Okay, so, in the traditional Bernoulli Urn problem, we have an urn with a number N, possibly infinite, of coloured balls, and there are k possible colours. That one I grok.
However, what if I don't actually know what k is? That is, what if I have an urn with N balls and an unknown but finite and strictly positive number of possible colours?
The main question is, in fact, what my priors should be. What's the prior that there is exactly one colour? Exactly two? At least two? How do I update on the relative frequencies of each colour? Is this problem even solvable?
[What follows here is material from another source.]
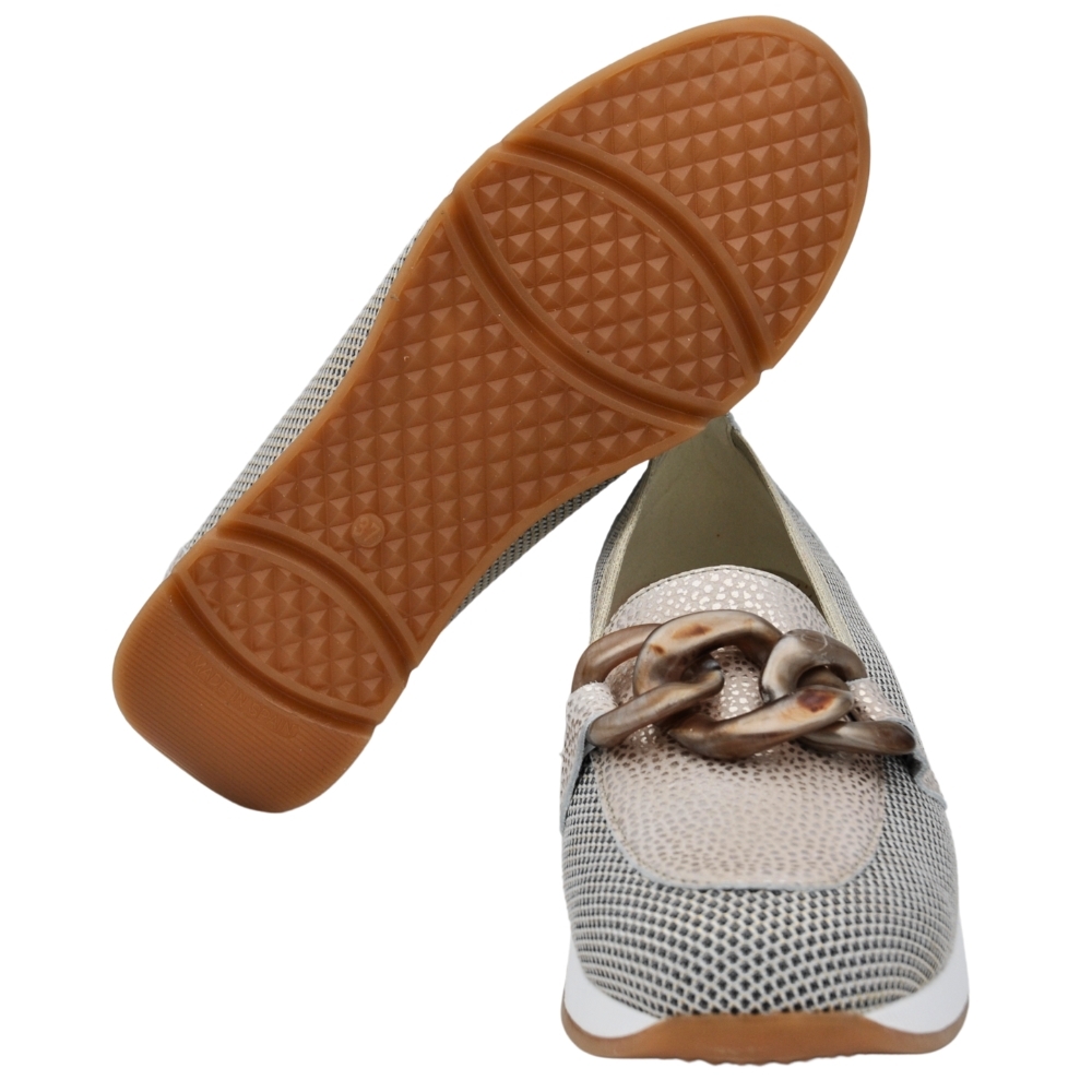 Deportivo tipo mocasín para mujer de piel y rejilla en color champagne con ribete elástico. Cuenta con empeine y talón en piel efecto coco, adorno de cadena y plantilla extraíble.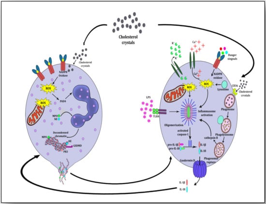 Clinical research on the signaling pathways leading to atherosclerosis has suggested that components of NETosis evoke NLRP3 inflammasome activation, which releases the proinflammatory cytokines IL-1β and IL-18. Both of these cytokines are very harmful for stimulating the atherosclerotic plaque to atherothrombosis and its rupture leading to ischemia. A study has revealed that monocyte-derived macrophages generate strong signals for inflammasome activation when they are incubated with NETs and then with cholesterol crystals []. This shows that NETs prime macrophages to produce pro-IL-1β and cholesterol crystals induce phagolysosomal damage due to internalization by binding to CD36 (a glycoprotein on the plasma membrane of macrophages). When macrophages ingest cholesterol crystals as cellular debris, they destroy them into phagosomes; these phagosomes deliver the degraded contents to lysosomes (phagolysosomes) where they are further degraded by acid hydrolases. These hydrolyzed contents of cholesterol crystals may cause the rupture of the phagolysosome membrane and the release of its contents into the cytoplasm which otherwise are exported outside the cell by membrane transporters [,]. These undegraded cholesterol crystals released into the cytoplasm due to phagolysosomal membrane rupture, are taken as danger signals which are sensed by PRRs, termed danger-associated molecular patterns (DAMPs) and pathogen-associated molecular patterns (PAMPs). NLRP3 is a significant member of the innate immune system which is a PRR and is activated in response to these danger signals. During NLRP3 inflammasome activation, it transposes ASC and regulates caspase-1 (CASP1) stimulation, which further proteolytically cleaves the mature forms of the proinflammatory cytokines IL-1β from pro-IL-1β and IL-18 from pro-IL-18. Present abundantly in atheromatous lesions, both IL-1β and IL-18 help in plaque development and its progression to ischemic stroke []. The consequent release of undegraded cholesterol crystals into the cytoplasm sets the wheel of inflammatory cascade (activating NLRP3 inflammasome) in motion through cycles of internalization of cholesterol crystals and continued phagolysosome rupturing (Figure 4). During acute inflammation, resolvins and selectins induce neutrophil apoptosis; they are engulfed and phagocytosed by macrophages in an effort to resolve inflammation and improve healing []. Hence, it is worthwhile to infer from the experimental evidence that cholesterol crystals incite both neutrophils and macrophages to initiate pronounced inflammation (NETosis and NLRP3 inflammasome activation) and destroy the neutrophil–macrophage amity which is otherwise anti-inflammatory, pro-healing and pro-repair [].

My first lines of thinking are to have a vector of parameters $\vec \theta \in \mathbb R^\infty$ such that the first parameter is the number of colours in the urn (let's call it $\alpha$) and the remaining are the relative frequencies of each colour. If $P(A=n|\vec\theta)$ is the probability that the colour of the next draw will be n given the knowledge contained by $\vec\theta$, we'd have:
- $\vec\theta = (\alpha, p_1, p_2, p_3, ...)$
- $\alpha \in \mathbb N^*$
- $\left(\sum\limits_{n=1}^\infty P(\alpha = n) \right)= 1$
- $\left(\sum\limits_{n=1}^\infty p_n\right) = 1$
- $\forall n > \alpha : p_n = 0$
- $\forall n \in \mathbb N^* : P(A=n|\vec\theta) = p_n$
However, this is just wild speculation on my part. I'm mostly curious about whether this is even in principle solvable. What I'd want to know is a way to compute both the prior (objective/uninformative) and posterior distributions of $P(\vec\theta)$ or, in other words, the pdfs $P(\alpha)$, $P(p_1)$, $P(p_2)$, etc. How to start with them and how to update on them.